Color, like music, while subjected to positive rules of harmony, appeals to natures according to the responsiveness of their nerve sense, and the practical decorator in dealing with a customer should discover at the outstart the character of that nerve sense. Some natures respond to the normal colors, barbaric colors. Some respond to the softer tints and are disturbed by the sharper tones. A dulled sense requires sharp contrasts; a quickened sense is satisfied with the soft gray tones.
A demonstration of four examples in color may serve the purpose of determining one’s color sense.

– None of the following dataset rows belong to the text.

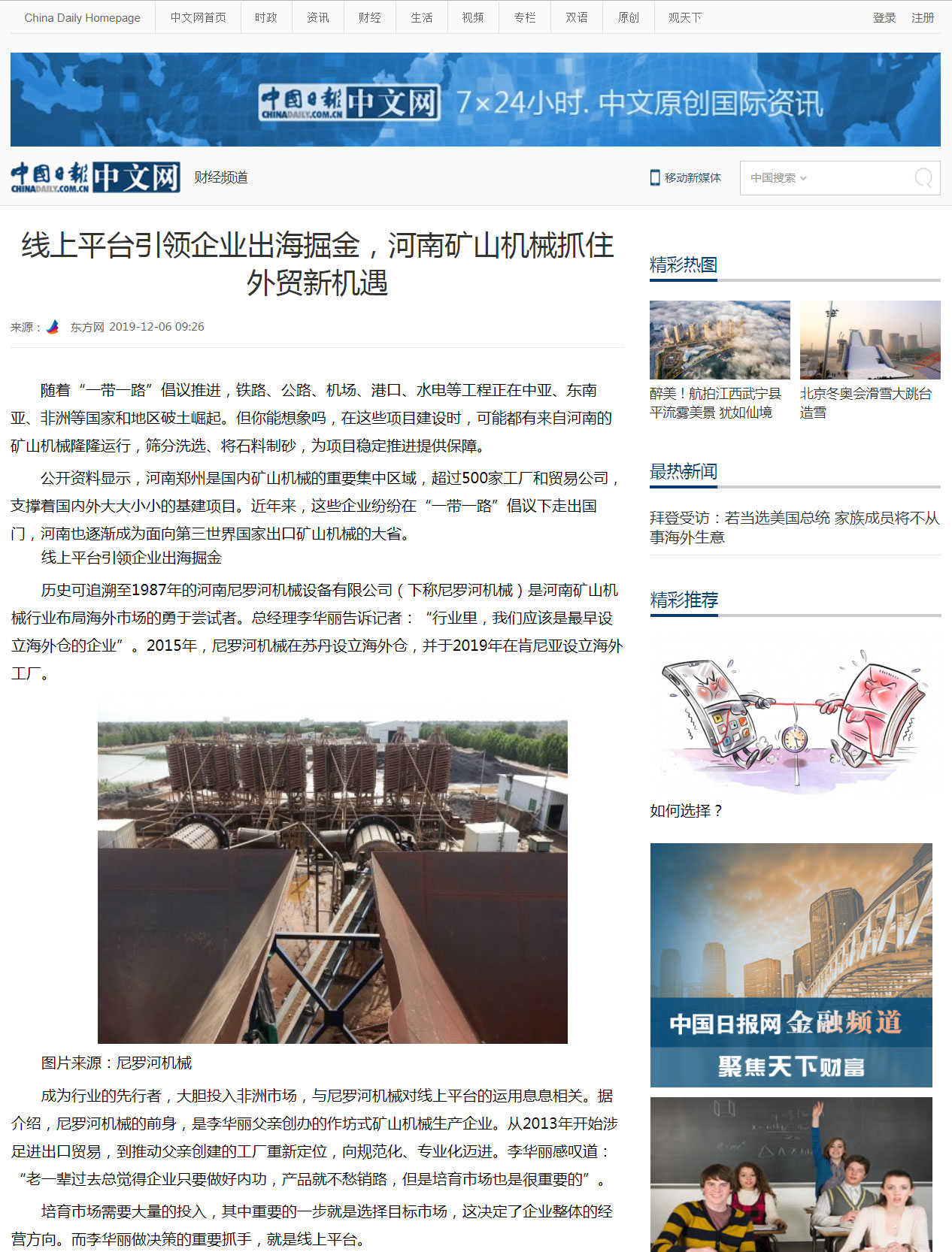 - The Nile Machinery won the Zhengzhou E-commerce Innovative Person Award
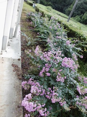 校舎北側。先日、ぼうぼうの草を刈ったので、すっきりしています。知らぬ間に生えていたサルスベリ。
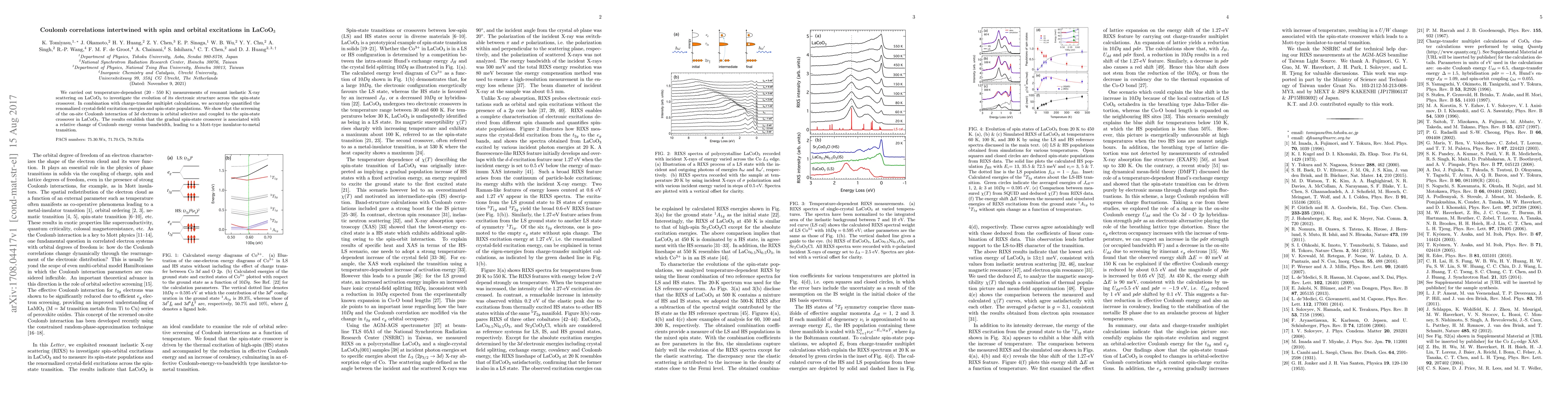 We carried out temperature-dependent (20 - 550 K) measurements of resonant inelastic X-ray scattering on LaCoO$_3$ to investigate the evolution of its electronic structure across the spin-state crossover. In combination with charge-transfer multiplet calculations, we accurately quantized the renormalized crystal-field excitation energies and spin-state populations. We show that the screening of the on-site Coulomb interaction of 3d electrons is orbital selective and coupled to the spin-state crossover in LaCoO$_3$. The results establish that the gradual spin-state crossover is associated with a relative change of Coulomb energy versus bandwidth, leading to a Mott-type insulator-to-metal transition.
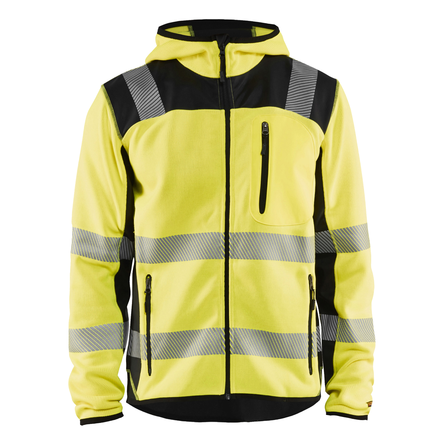 Stickad jacka från Blåkläder i varsel med huva i snygg design och bekväm kvalitet. Jackan har skurna reflexer för bra andningsförmåga och elasticitet. Försedd med dragkedjor och förstärkt med softshellmaterial på axlar, ärmar och i ryggslut för ökad slitstyrka. Funkar för både fritid och arbete.
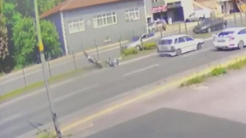 Motosiklet tellere çarpıp takla attı; kaza anı kamerada
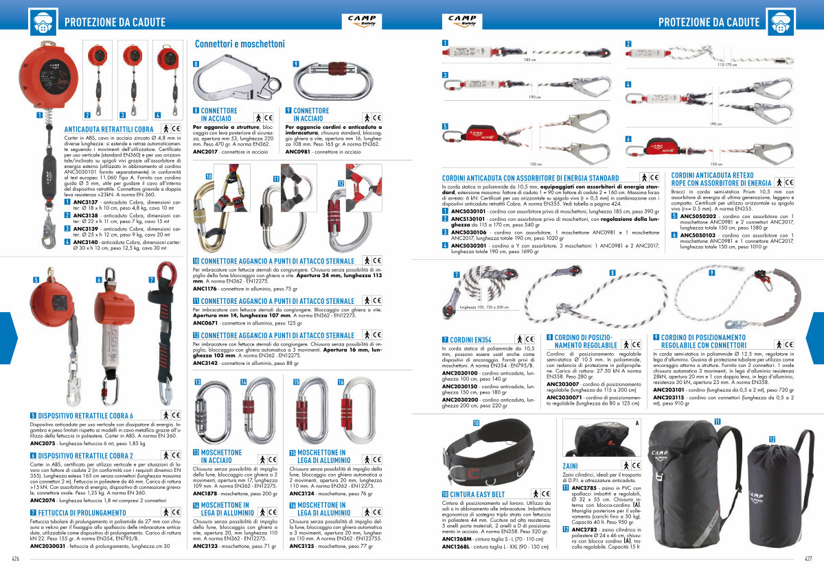 Carter in ABS, certificato per utilizzo verticale e per situazioni di lavoro con fattore di caduta 2( in conformità con i requisiti dinamici EN 355). Lunghezza estesa 165 cm senza connettori( lunghezza massima con connettori 2 m). Fettuccia in poliestere da 46 mm. Carico di rottura > 15 kN. Con assorbitore di energia, dispositivo di connessione girevole, connettore ovale. Peso 1,25 kg. A norma EN 360.
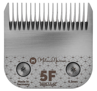 The Melanie Newman Clipper Blade Set is precision-engineered by Aesculap Schermaschinen in Germany, crafted to medical-grade standards from the finest carbon steel. Each blade is meticulously shaped, ground, and polished in over a dozen stages of production. These blades are not just cut in an automated factory. They are painstakingly crafted over hours of refinement and perfection by a team that has dedicated their careers to excellence to deliver the ultimate in professional performance: Consistent, clean, and effortless cutting every time.
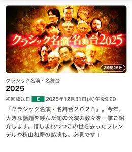 Eテレでも最高のクラシック音楽が聴けて幸せです♪
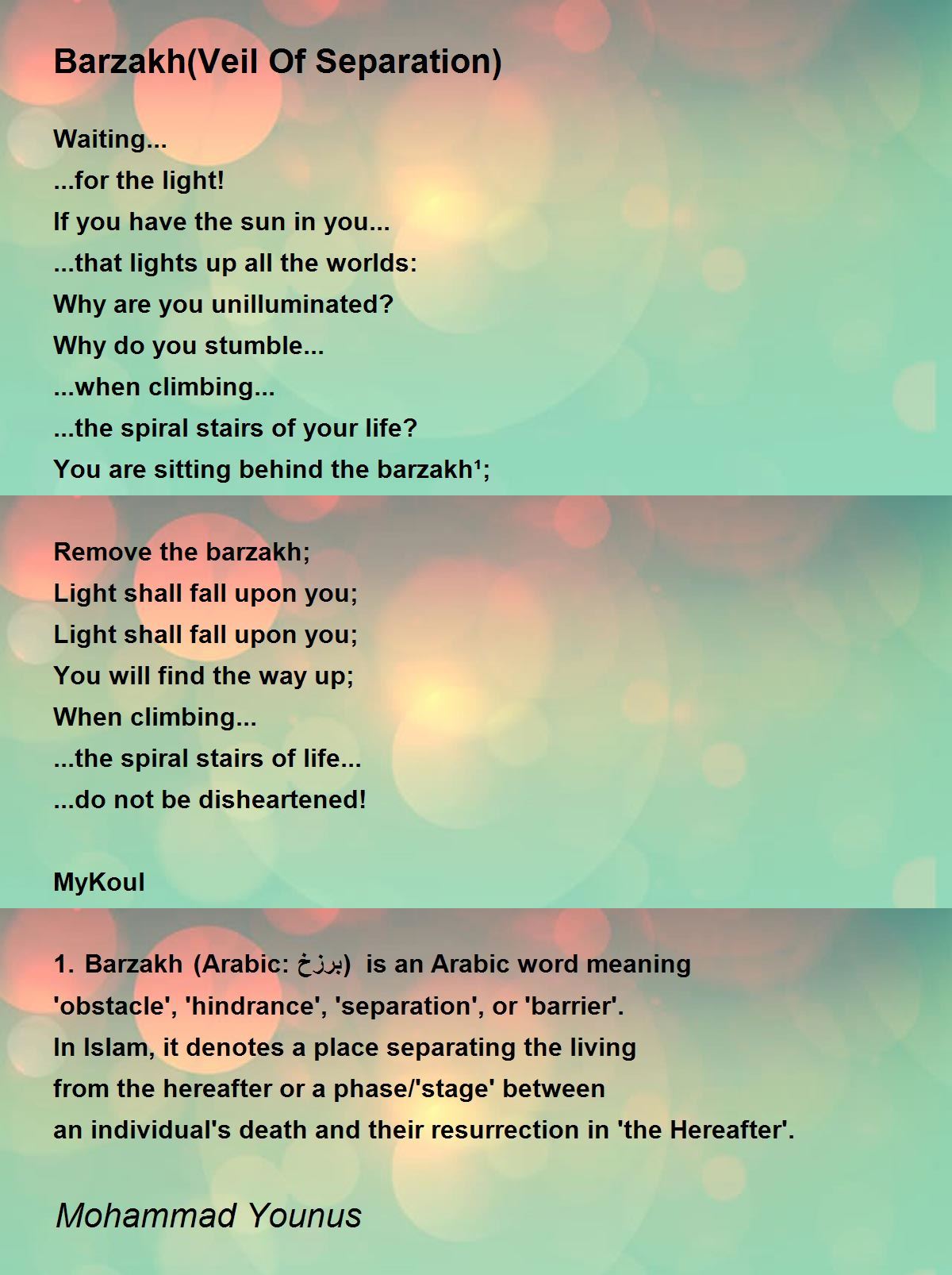 1. Barzakh (Arabic: برزخ) is an Arabic word meaning

First. Combinations of normal primary and secondary colors, (a) arranged in contrasts, (b) in analogies.
Second. Combinations of tones of the above colors, (a) arranged in contrasts, (b) in analogies.
Third. Combinations of tints of the above colors, (a) arranged in contrasts, (b) in analogies.
Fourth. Combinations of the gray (tertiary) tones of the above colors, (a) arranged in contrasts, (b) in analogies.
95. Do not allow your personal color-sympathies to dominate your work. All colors have their usefulness, for there are occasions when it is proper they should be used, apart from any question of harmony; one must consider always the uses of colors, the lights, and the purpose of the room under treatment.
96. Nature gives to the dark forest depths great brilliancy of floriculture, and dark-skinned people indulge unconsciously the same bright scale of color. But as we come out of the forest and advance in civilization we use barbaric colorings more discriminately.
97. We employ gold, orange or yellow for the north room not for inherent beauty, but for the sense of warmth which they convey to an atmosphere chilled by the absence of sunlight. We employ receding colors in a small room that the room may look larger. We employ cold colors in a sunny room, especially in the summer home, for reasons psychological rather than æsthetic.